Chapter 39 Taylor

Taylor

Taylor can’t believe she was just spit on, and by a strung-out, likely homeless woman to boot. She cleans her coat with some tissues she has in her purse, careful not to touch the saliva with her bare hands, given the endless types of germs the woman could be carrying.

A lot of crazy shit used to happen in the ER, sure.

Taylor saw enough in her four-month hospital stint to last a lifetime.

Drugs, mental illness, rare diseases—things that felt like they belonged in an episode of a hospital drama, only without the perky banter and sexual tension.

But she certainly didn’t expect to encounter that here, in front of a multimillion-dollar building in Beacon Hill.

The juxtaposition of it is almost as jarring to her as what the woman did.

Taylor holds the dirty tissues in her pinched fingers, rounding the building to discard the tissues in the construction dumpster out back.

The trucks have doubled; there are now two, with a van parked alongside them.

Taylor tosses the tissues in the dumpster and reads the lettering across the van: Ideal Design Studio.

A quick Google search tells her that it’s a highly regarded interior design firm.
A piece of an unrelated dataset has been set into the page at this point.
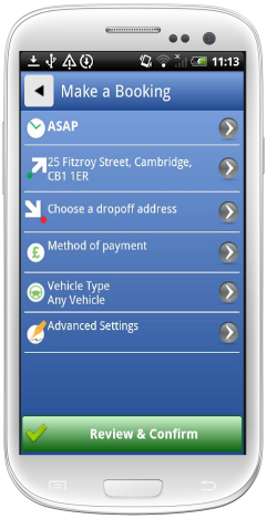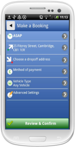 enter the destination and the time then press book, it really is that simple! Once you have booked the taxi you can track it in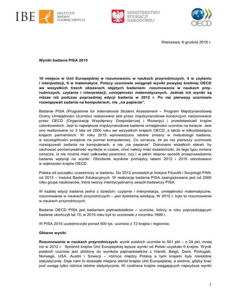 Warszawa, 6 grudnia 2016 r. Wyniki badania PISA 2015 10 miejsce w Unii Europejskiej w rozumowaniu w naukach przyrodniczych, 4 w czytaniu i interpretacji, 6 w matematyce. Polscy uczniowie osiągnęli wyniki powyżej średniej OECD we wszystkich trzech obszarach objętych badaniem: rozumowania w naukach przyrodniczych, czytania i interpretacji, umiejętności matematycznych. Jednak ich wyniki są niższe niż podczas poprzedniej edycji badania w 2012 r. Po raz pierwszy uczniowie rozwiązywali zadania na komputerach, nie „na papierze”. Badanie PISA (Programme for International Student Assessment – Program Międzynarodowej Oceny Umiejętności Uczniów) realizowane jest przez międzynarodowe konsorcjum nadzorowane przez OECD (Organizację Współpracy Gospodarczej i Rozwoju) i przedstawicieli krajów członkowskich. Jest to największe międzynarodowe badanie umiejętności uczniów na świecie. Jest ono realizowane co 3 lata od 2000 roku we wszystkich krajach OECD, a także w kilkudziesięciu krajach partnerskich. W roku 2015 wprowadzono istotne zmiany w metodologii badania, w szczególności przejście na pomiar komputerowy. Co oznacza, że po raz pierwszy uczniowie rozwiązywali zadania na komputerach, a nie „na papierze”. Dokonano wszelkich starań, by zachować porównywalność wyników w czasie, choć należy mieć świadomość, że tego typu zmiana oznacza, iż nie można mieć całkowitej pewności, czy i w jakim stopniu sposób przeprowadzenia badania wpłynął na wyniki. Obniżenie wyników pomiędzy latami 2012 i 2015 odnotowano w większości krajów OECD. Polska od początku uczestniczy w badaniu. Do 2012 prowadził je Instytut Filozofii i Socjologii PAN, od 2013 – Instytut Badań Edukacyjnych. W realizację badania PISA zaangażowana jest od 2000 roku grupa naukowców, która tworzy interdycyplinarny zespół badawczy PISA. W każdej edycji badania jedna z dziedzin: czytanie i interpretacja, umiejętności matematyczne, rozumowanie w naukach przyrodniczych – jest dziedziną wiodącą. W 2015 r. było to rozumowanie w naukach przyrodniczych. Badanie OECD PISA jest badaniem piętnastolatków – uczniów, którzy w roku poprzedzającym badanie ukończyli lat 15; w 2015 roku byli to uczniowie z rocznika 1999 r. W PISA 2015 uczestniczyło ponad 500 tys. uczniów z 72 krajów i regionów. Główne wyniki Rozumowanie w naukach przyrodniczych: wynik polskich uczniów to 501 pkt – o 24 pkt. mniej niż w 2012 r. Spośród krajów Unii Europejskiej lepsze wyniki od Polski uzyskało 6 krajów. Wynik polskich uczniów jest zbliżony do wyników piętnastolatków z Irlandii, Belgii, Danii, Portugalii, Norwegii, USA, Austrii i Szwecji – różnice między Polską a tymi krajami były nieistotne statystycznie. Daje nam to dziesiąte miejsce wśród krajów Unii Europejskiej, a siódme, gdyby brać pod uwagę tylko różnice istotne statystycznie. W czołówce krajów osiągających najwyższe wyniki 1 w badaniu kompetencji przyrodniczych znajdują się kraje Dalekiego Wschodu, a także Finlandia, Estonia i Kanada. Pierwsze miejsce zajmuje Singapur (556 pkt). Z krajów europejskich przoduje Estonia z wynikiem 534 punktów, a w czołówce znajduje się też Finlandia (531 pkt). W czytaniu i interpretacji średni wynik Polski to 506 pkt – o 12 pkt mniej niż w 2012 r. W UE lepsze wyniki od polskich gimnazjalistów uzyskali tylko uczniowie z Finlandii, Irlandii i Estonii (wynik uczniów z Niemiec jest wyższy, ale różnica jest nieistotna). Lepsze średnie wyniki osiągnęli uczniowie z trzech krajów: Finlandii, Irlandii, Estonii, a wliczając wszystkie kraje europejskie, na czwartym w Europie (bo lepsi są także Norwegowie). Wśród krajów świata Polska znalazła się na 13 miejscu. Warto zaznaczyć, że jedynie 9 krajów uzyskało wynik statystycznie istotnie lepszy od Polski, zaś w przypadku 3 ich przewaga mieściła się w granicach błędów losowych. Średni wynik polskich uczniów w zakresie matematyki to 504 pkt., o 14 pkt mniej niż w 2012 r. W Europie jesteśmy na 8. pozycji. Wynik polskich uczniów jest zbliżony do wyników Belgii, Niemiec, Irlandii i Norwegii. W UE lepsze od Polski wyniki uzyskało 5 krajów: Estonia, Holandia, Dania, Finlandia i Słowenia. W zakresie rozumowania w naukach przyrodniczych odsetek uczniów najsłabszych, czyli poniżej drugiego poziomu umiejętności, w roku 2015 wyniósł 16,3% (w 2012 r. było to 9%, a w 2006 17%). Trudno jednoznacznie określić, na ile zmiana pomiędzy latami 2012 a 2015 wynikała z zastosowania pomiaru komputerowego. Podobne zmiany nastąpiły w pozostałych dziedzinach: w matematyce – 17,2% w 2015 r. (w 2012r. – 14,4% ), a w zakresie czytania i interpretacji – 14,4% (w 2012 r. – 10,6%). Analogicznie uczniów z najlepszymi wynikami w rozumowaniu w naukach przyrodniczych było 7,3% w 2015 r. (w 2012 r. – 10,8%, a w 2006 – 6,8%). W matematyce w 2015 r. najlepszych uczniów było 12,2% (w 2012 r. – 16,7%), a w czytaniu – 8,2% (w 2012 r. – 10,1%). Ze względu na zmianę techniki pomiaru wydaje się, że ważniejsze jest odniesienie polskich wyników do wyników innych krajów. Zarówno pod względem odsetka najlepszych, jak i najsłabszych uczniów wynik Polski jest lepszy niż średnio w krajach OECD, z wyjątkiem odsetka uczniów najlepszych w czytaniu i interpretacji, który jest nieco niższy i obszar ten wymaga wsparcia. W rozumowaniu w naukach przyrodniczych w 2015 r. średni wynik chłopców w krajach OECD wyniósł 495 punktów i był o 4 pkt. wyższy od średniego wyniku dziewcząt. W Polsce średni wynik dziewcząt wyniósł 498 pkt., podczas gdy chłopcy osiągnęli 504 pkt. Także w zakresie matematyki odnotowano przewagę chłopców: ich średni wynik to 511 punktów, a dziewcząt – 499 punktów. Po raz pierwszy od lat przewaga chłopców nad dziewczętami w matematyce jest istotna statystycznie (w latach 2009 i 2012 wynosiła tylko 4 punkty). Przewaga chłopców w tej dzied

So, the Knox isn’t just opening the room, they’re redesigning it.

What on earth are they making it into? What more could they possibly need, and in a basement of all places?

Jerry suddenly bursts through the back door, his arms pressed tightly across his black leather jacket. She’s never seen him in a coat before. His hair and the tops of his wide shoulders are sprinkled white with dust. He scowls when he sees her.

Hi to you, too, she thinks.

He hastens past her, and, on a whim, she follows.

Halfway down the block, something falls out from beneath his jacket—a book. He quickly grabs it and shoves it back under his zipper. As he’s doing so, another item falls to the ground—a wooden tube. “Fuck,” he swears to himself as he stuffs them back inside.

“What are those things that fell?” Taylor asks.

“Nothing,” he snaps, and continues briskly walking.

She scurries after him.

“Ya following me?” he asks, over his shoulder.

“No.” But clearly she is. “Was that a book?”

“It’s nothing.”

“It didn’t look like nothing. Was that from the room downstairs?”

He ignores her and quickens his pace, so she does as well.

Only once he gets to the next corner, and halfway down that intersecting block, does he stop.

His face is blotchy and sweaty, and he’s cradling the bump in his jacket like a baby.

He looks behind her, as if checking whether they’ve been followed.

Seemingly satisfied, he meets her gaze. “It was junk, just some historical crap they were gonna throw out.”

“Did they say you could have it?”

His silence is the answer.

“What are you doing with it?” she asks.

He eyes her a little warily. “Why?”

“Just wondering.”

“I thought maybe I could sell the stuff,” Jerry admits. “There’s a couple books, some old medical stuff. Like an old-fashioned stethoscope.” He makes no move to show the alleged items. “But I don’t know where I’m gonna offload them,” he adds, working his jaw.

“You know, my landlord owns an antiques store and a used bookstore,” Taylor says, as casually as she can. She’s thinking—what if these items are more than a load of “historical crap”?

Everything is paper, they’d said. What if there’s something in those books? Besides, maybe there’s a deal here to be made, a way to gain some favor with Jerry.

“Yeah, and?”

“Well, I could ask her for an introduction…see if maybe these are worth anything?”

“Maybe.”

“We could do a sixty-forty split? I’d be the forty.”

“Eighty-twenty,” he replies.

“No way.”

“Look,” Jerry says, shifting his eyes around, “I gotta look out for myself. The Kn—they say they’ll look out for ya, but they won’t. Not really. Eighty-twenty, take it or leave it.”

This is the exact opposite of what Eduardo professed about the Knox. Does Jerry have a skewed outlook simply because his sister got involved with Oliver? Or did something else happen? “Fine,” she concedes, sticking out her hand to Jerry, who just nods.

“But I’m gonna hold on to the stuff until then. And don’t say nothing to the others. It’s better if they don’t know. I don’t think they’d want me and ya…” His voice trails off, but Taylor gets the drift.

She’s the outsider. Always the outsider. She has been her whole life. Why would the Knox be any different? “I promise I won’t,” she assures him, trying to dampen the surprising hurt she feels.